In the entries that follow, the line with "DETAILS The patchwork" opens the range and the line with "Bunda PW3 s" closes it; repeat that range exactly, both lines included.

# Extracted data

★ ★ ★ ★ ★

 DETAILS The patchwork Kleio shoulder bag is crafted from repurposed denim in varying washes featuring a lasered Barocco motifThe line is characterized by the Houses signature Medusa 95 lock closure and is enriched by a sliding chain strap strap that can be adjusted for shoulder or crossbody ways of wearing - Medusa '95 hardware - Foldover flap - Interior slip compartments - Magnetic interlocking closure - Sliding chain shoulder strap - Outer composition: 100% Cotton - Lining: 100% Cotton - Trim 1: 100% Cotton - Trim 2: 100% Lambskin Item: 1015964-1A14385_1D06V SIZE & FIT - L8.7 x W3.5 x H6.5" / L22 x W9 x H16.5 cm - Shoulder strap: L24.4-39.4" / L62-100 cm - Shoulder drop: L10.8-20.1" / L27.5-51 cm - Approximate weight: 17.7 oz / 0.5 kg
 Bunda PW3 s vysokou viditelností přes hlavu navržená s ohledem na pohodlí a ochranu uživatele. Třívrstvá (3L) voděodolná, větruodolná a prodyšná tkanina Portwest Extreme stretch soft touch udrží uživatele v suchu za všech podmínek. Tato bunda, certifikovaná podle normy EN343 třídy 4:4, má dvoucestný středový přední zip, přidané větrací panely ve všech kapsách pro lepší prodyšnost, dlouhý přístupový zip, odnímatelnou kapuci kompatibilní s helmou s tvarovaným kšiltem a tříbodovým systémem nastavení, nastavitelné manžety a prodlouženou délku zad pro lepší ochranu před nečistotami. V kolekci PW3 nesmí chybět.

★ ★ ★ ★ ★

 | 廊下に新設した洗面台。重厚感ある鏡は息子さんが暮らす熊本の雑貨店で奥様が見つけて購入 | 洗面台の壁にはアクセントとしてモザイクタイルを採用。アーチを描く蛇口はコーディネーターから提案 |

★ ★ ★ ★ ★

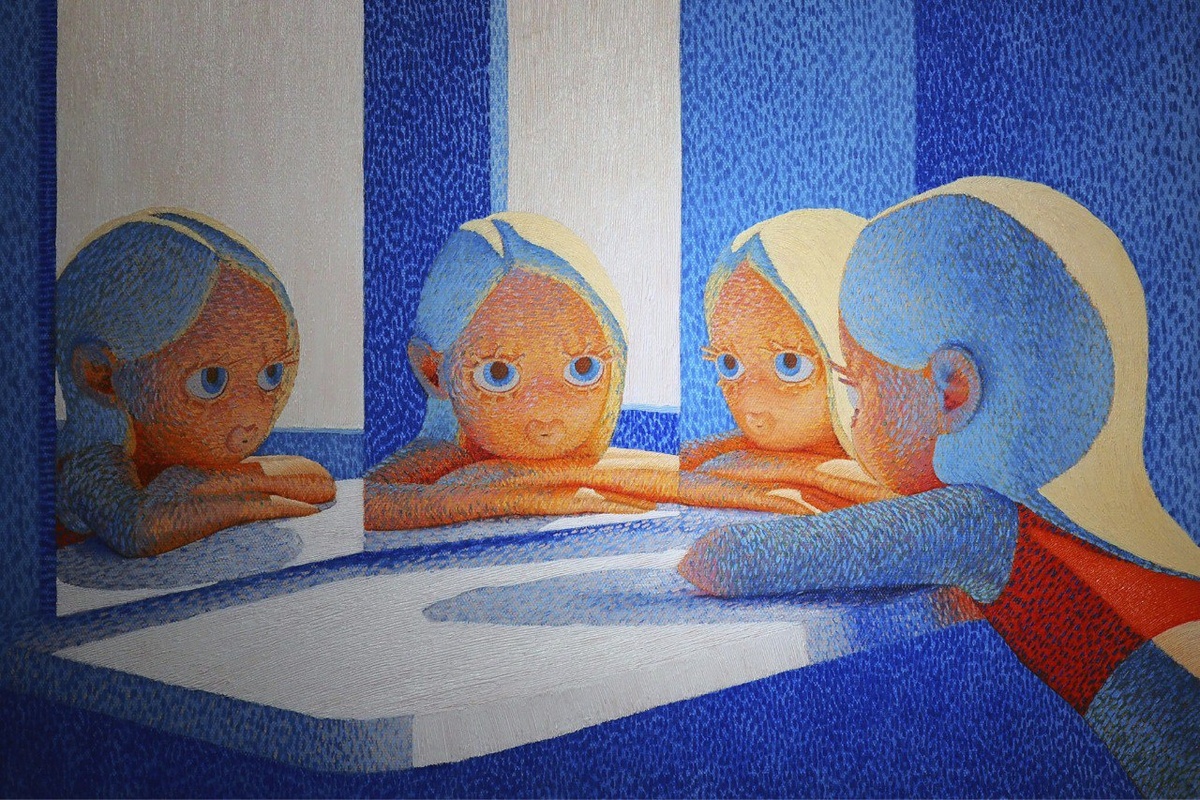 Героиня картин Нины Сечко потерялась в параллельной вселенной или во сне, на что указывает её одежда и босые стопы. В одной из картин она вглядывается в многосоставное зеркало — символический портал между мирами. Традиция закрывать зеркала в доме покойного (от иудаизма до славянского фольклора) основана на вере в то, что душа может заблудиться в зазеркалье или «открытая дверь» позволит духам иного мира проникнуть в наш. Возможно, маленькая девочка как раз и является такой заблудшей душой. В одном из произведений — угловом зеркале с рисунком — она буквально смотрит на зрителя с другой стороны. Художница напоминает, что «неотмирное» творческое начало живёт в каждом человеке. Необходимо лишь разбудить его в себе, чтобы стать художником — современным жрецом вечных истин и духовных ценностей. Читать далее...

★ ★ ★ ★ ★

# Expected answer
 DETAILS The patchwork Kleio shoulder bag is crafted from repurposed denim in varying washes featuring a lasered Barocco motifThe line is characterized by the Houses signature Medusa 95 lock closure and is enriched by a sliding chain strap strap that can be adjusted for shoulder or crossbody ways of wearing - Medusa '95 hardware - Foldover flap - Interior slip compartments - Magnetic interlocking closure - Sliding chain shoulder strap - Outer composition: 100% Cotton - Lining: 100% Cotton - Trim 1: 100% Cotton - Trim 2: 100% Lambskin Item: 1015964-1A14385_1D06V SIZE & FIT - L8.7 x W3.5 x H6.5" / L22 x W9 x H16.5 cm - Shoulder strap: L24.4-39.4" / L62-100 cm - Shoulder drop: L10.8-20.1" / L27.5-51 cm - Approximate weight: 17.7 oz / 0.5 kg
 Bunda PW3 s vysokou viditelností přes hlavu navržená s ohledem na pohodlí a ochranu uživatele. Třívrstvá (3L) voděodolná, větruodolná a prodyšná tkanina Portwest Extreme stretch soft touch udrží uživatele v suchu za všech podmínek. Tato bunda, certifikovaná podle normy EN343 třídy 4:4, má dvoucestný středový přední zip, přidané větrací panely ve všech kapsách pro lepší prodyšnost, dlouhý přístupový zip, odnímatelnou kapuci kompatibilní s helmou s tvarovaným kšiltem a tříbodovým systémem nastavení, nastavitelné manžety a prodlouženou délku zad pro lepší ochranu před nečistotami. V kolekci PW3 nesmí chybět.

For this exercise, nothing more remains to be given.